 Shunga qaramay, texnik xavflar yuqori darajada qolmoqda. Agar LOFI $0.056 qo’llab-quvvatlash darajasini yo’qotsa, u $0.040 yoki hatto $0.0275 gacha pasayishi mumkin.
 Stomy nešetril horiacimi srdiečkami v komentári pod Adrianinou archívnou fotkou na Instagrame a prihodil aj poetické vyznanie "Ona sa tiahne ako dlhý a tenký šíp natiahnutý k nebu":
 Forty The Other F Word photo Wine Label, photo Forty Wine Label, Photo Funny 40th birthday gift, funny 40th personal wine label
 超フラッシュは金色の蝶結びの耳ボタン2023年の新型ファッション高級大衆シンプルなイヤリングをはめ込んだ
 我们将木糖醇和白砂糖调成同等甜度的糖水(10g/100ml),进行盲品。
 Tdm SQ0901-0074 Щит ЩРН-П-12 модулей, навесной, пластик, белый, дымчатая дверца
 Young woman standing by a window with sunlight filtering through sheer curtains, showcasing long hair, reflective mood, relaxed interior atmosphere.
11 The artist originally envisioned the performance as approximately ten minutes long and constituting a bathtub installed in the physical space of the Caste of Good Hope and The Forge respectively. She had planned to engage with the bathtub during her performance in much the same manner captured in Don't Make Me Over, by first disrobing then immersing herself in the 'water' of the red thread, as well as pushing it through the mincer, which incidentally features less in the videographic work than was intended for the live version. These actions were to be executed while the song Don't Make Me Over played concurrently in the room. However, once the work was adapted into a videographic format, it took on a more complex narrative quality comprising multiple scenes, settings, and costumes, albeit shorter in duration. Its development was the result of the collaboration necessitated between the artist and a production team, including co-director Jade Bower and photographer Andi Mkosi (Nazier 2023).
+++
> **YOUR ASSIGNMENT**
What you give back must be the stretch above, starting at the line with "超フラッシュは金色の蝶結びの" and ending at the line with "Young woman standing", copied exactly.

> **EXPECTED OUTPUT**
 超フラッシュは金色の蝶結びの耳ボタン2023年の新型ファッション高級大衆シンプルなイヤリングをはめ込んだ
 我们将木糖醇和白砂糖调成同等甜度的糖水(10g/100ml),进行盲品。
 Tdm SQ0901-0074 Щит ЩРН-П-12 модулей, навесной, пластик, белый, дымчатая дверца
 Young woman standing by a window with sunlight filtering through sheer curtains, showcasing long hair, reflective mood, relaxed interior atmosphere.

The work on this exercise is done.